Data section:
===
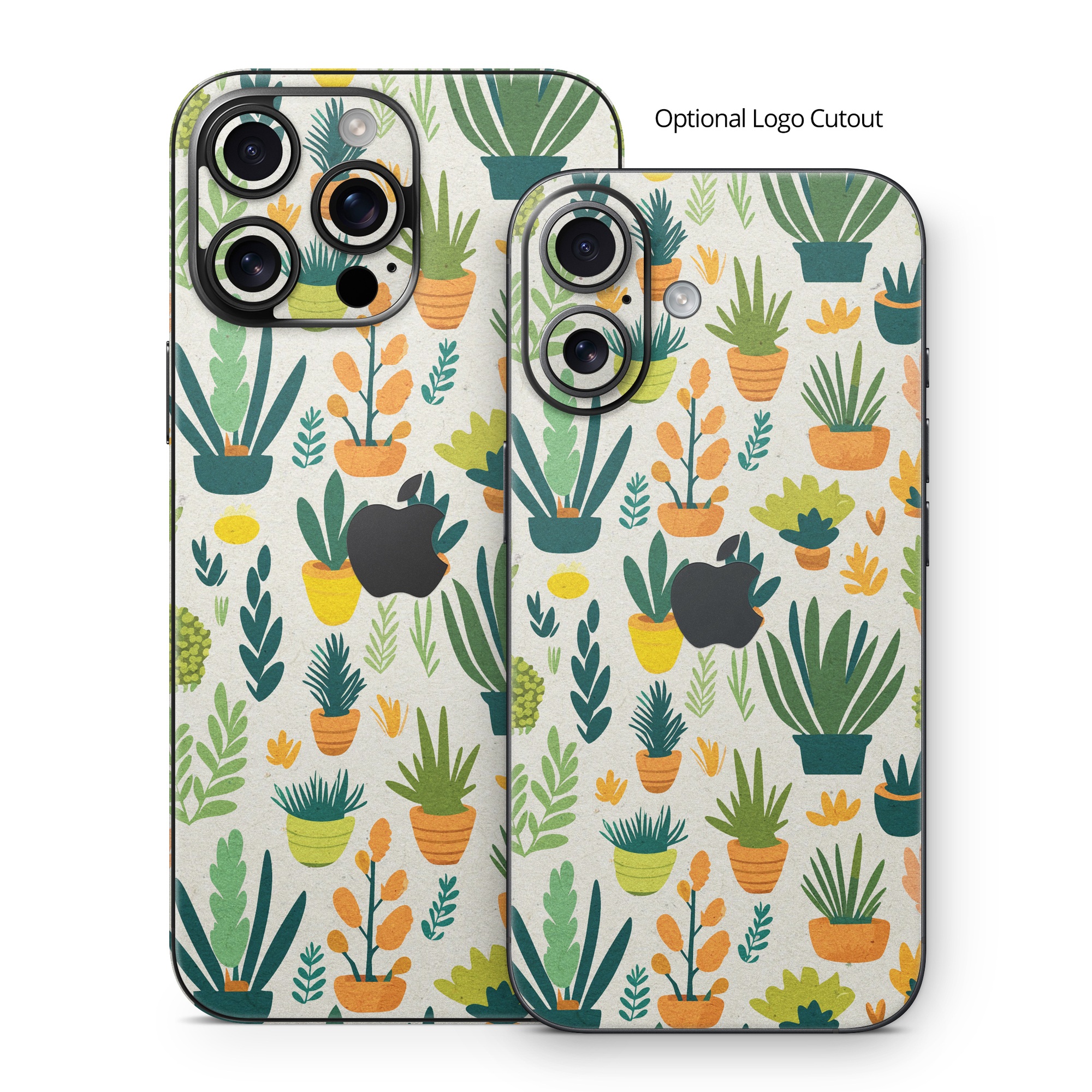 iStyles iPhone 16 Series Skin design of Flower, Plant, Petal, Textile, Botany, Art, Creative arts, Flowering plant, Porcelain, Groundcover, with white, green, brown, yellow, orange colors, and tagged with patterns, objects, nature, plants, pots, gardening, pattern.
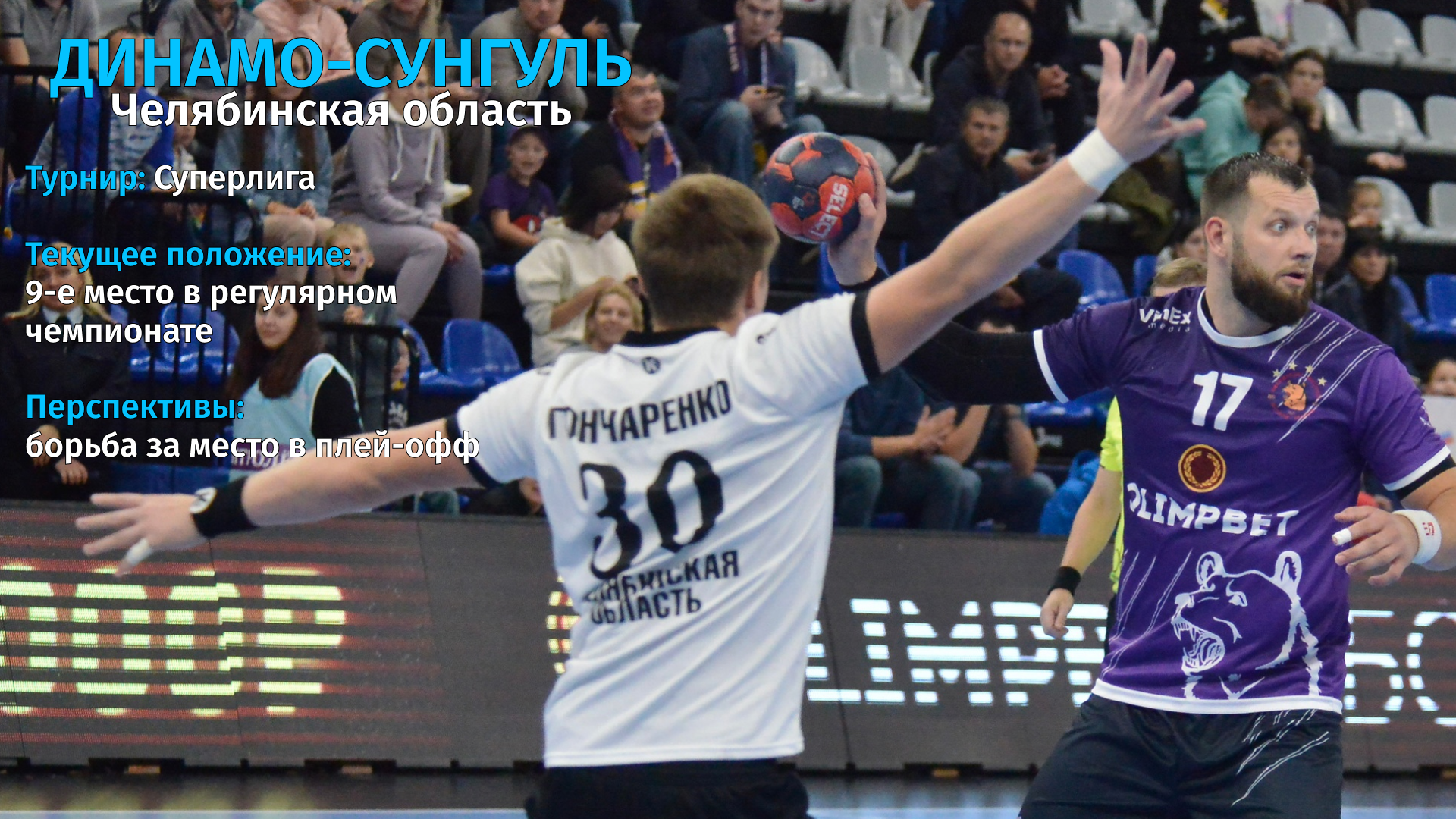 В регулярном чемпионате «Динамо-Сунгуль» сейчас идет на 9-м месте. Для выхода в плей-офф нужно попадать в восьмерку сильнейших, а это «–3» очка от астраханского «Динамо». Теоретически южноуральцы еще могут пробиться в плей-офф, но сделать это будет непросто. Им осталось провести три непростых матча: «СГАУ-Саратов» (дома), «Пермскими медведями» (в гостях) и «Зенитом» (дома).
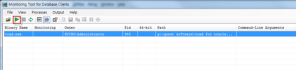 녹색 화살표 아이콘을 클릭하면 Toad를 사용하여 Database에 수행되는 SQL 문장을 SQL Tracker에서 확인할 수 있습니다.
===
Activity:
Drop the images and repeat the data exactly.

Solution to this exercise:
 iStyles iPhone 16 Series Skin design of Flower, Plant, Petal, Textile, Botany, Art, Creative arts, Flowering plant, Porcelain, Groundcover, with white, green, brown, yellow, orange colors, and tagged with patterns, objects, nature, plants, pots, gardening, pattern.
 В регулярном чемпионате «Динамо-Сунгуль» сейчас идет на 9-м месте. Для выхода в плей-офф нужно попадать в восьмерку сильнейших, а это «–3» очка от астраханского «Динамо». Теоретически южноуральцы еще могут пробиться в плей-офф, но сделать это будет непросто. Им осталось провести три непростых матча: «СГАУ-Саратов» (дома), «Пермскими медведями» (в гостях) и «Зенитом» (дома).
 녹색 화살표 아이콘을 클릭하면 Toad를 사용하여 Database에 수행되는 SQL 문장을 SQL Tracker에서 확인할 수 있습니다.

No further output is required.